Capitalized terms are defined in the Benefit Booklet. Refer to the Benefit Booklet for an explanation of the terms used
in this Summary of Benefits.
2 Calendar Year Deductible (CYD):
Calendar Year Deductible explained. A Calendar Year Deductible is the amount you pay each Calendar Year before
the Claims Administrator pays for Covered Services under the Plan.
If this Plan has any Calendar Year Deductible(s), Covered Services subject to that Deductible are identified with a
check mark () in the Benefits chart above.

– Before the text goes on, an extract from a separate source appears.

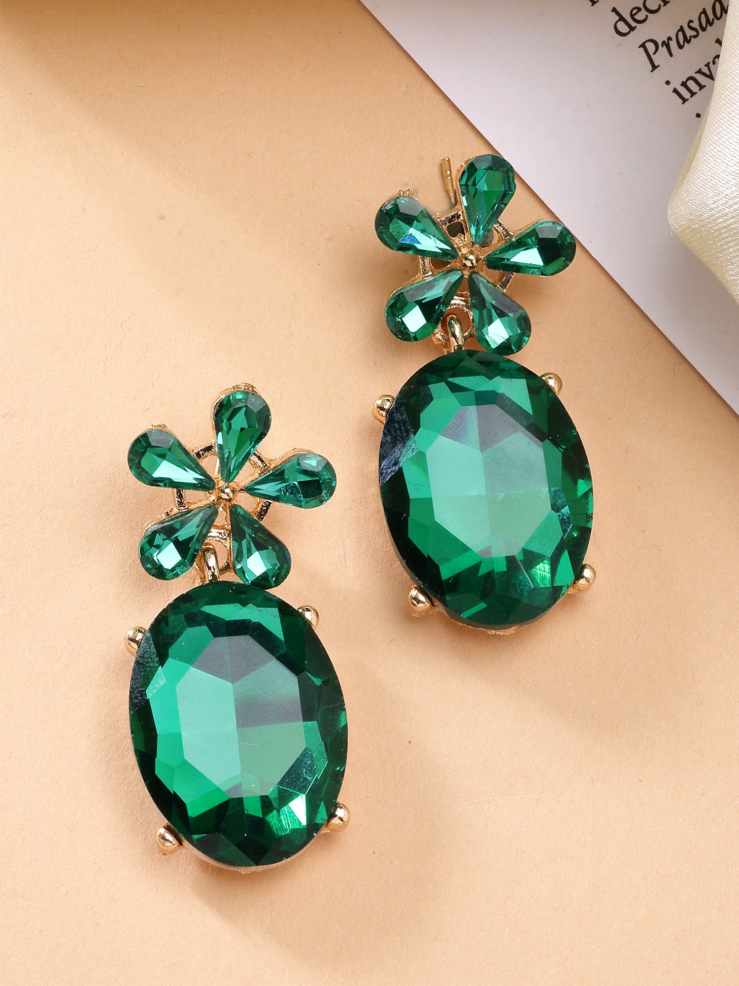 Bohey by KARATCART Gold-Plated Contemporary Green Drop Earrings for Women

Covered Services not subject to the Calendar Year medical Deductible. Some Covered Services received from
Participating Providers are paid by the Claims Administrator before you meet any Calendar Year medical Deductible.
7
Notes
These Covered Services do not have a check mark () next to them in the “CYD applies” column in the Benefits chart
above.
Family coverage has an individual Deductible within the Family Deductible. This means that the Deductible will be met
for an individual with Family coverage who meets the individual Deductible prior to the Family meeting the Family
Deductible within a Calendar Year.
3 Using Participating Providers:
Participating Providers have a contract to provide health care services to Members. When you receive Covered
Services from a Participating Provider, you are only responsible for the Copayment or Coinsurance, once any Calendar
Year Deductible has been met.
"Allowable Amount" is defined in the Benefit Booklet. In addition:
• Coinsurance is calculated from the Allowable Amount or Benefit maximum, whichever is less.

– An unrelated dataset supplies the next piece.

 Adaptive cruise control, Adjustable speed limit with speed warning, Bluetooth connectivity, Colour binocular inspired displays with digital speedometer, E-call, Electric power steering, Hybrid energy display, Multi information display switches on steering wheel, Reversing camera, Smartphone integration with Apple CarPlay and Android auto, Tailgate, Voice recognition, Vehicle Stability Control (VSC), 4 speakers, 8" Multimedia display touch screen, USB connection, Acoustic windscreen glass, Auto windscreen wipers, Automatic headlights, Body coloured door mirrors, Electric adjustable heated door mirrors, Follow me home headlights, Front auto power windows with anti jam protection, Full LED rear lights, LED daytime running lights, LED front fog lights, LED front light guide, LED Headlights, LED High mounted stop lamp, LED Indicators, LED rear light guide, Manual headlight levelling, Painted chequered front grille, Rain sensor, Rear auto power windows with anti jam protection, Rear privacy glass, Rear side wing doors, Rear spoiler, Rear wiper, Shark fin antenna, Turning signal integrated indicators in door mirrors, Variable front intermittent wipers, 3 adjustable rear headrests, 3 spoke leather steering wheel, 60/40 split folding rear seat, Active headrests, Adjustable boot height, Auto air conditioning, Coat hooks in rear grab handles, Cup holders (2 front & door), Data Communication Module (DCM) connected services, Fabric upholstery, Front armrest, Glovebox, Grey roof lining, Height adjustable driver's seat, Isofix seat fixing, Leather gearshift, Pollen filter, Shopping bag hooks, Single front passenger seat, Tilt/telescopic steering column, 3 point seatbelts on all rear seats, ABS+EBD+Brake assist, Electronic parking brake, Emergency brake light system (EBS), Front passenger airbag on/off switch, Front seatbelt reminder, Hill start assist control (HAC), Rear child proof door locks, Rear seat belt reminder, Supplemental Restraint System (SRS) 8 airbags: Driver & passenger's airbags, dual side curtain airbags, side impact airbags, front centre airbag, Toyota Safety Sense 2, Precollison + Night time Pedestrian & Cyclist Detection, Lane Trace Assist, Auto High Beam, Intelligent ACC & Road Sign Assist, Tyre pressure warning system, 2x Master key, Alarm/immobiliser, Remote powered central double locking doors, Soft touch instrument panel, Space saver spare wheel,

4 Calendar Year Out-of-Pocket Maximum (OOPM):
Calendar Year Out-of-Pocket Maximum explained. The Out-of-Pocket Maximum is the most you are required to pay
for Covered Services in a Calendar Year. Once you reach your Out-of-Pocket Maximum, the Claims Administrator will
pay 100% of the Allowable Amount for Covered Services for the rest of the Calendar Year.
Your payment after you reach the Calendar Year OOPM. You will continue to pay all charges for services that are not
covered, charges above the Allowable Amount, and charges for services above any Benefit maximum.
Any Deductibles count towards the OOPM. Any amounts you pay that count towards the Calendar Year medical
Deductible also count towards the Calendar Year Out-of-Pocket Maximum.
Family coverage has an individual OOPM within the Family OOPM. This means that the OOPM will be met for an
individual with Family coverage who meets the individual OOPM prior to the Family meeting the Family OOPM within
a Calendar Year.
5 Separate Member Payments When Multiple Covered Services are Received:
Each time you receive multiple Covered Services, you might have separate payments (Copayment or Coinsurance)
for each service. When this happens, you may be responsible for multiple Copayments or Coinsurance. For example,
you may owe an office visit payment in addition to an allergy serum payment when you visit the doctor for an allergy
shot.
6 Preventive Health Services:
If you only receive Preventive Health Services during a Physician office visit, there is no Copayment or Coinsurance for
the visit. If you receive both Preventive Health Services and other Covered Services during the Physician office visit,
you may have a Copayment or Coinsurance for the visit.
Plans may be modified to ensure compliance with Federal requirements.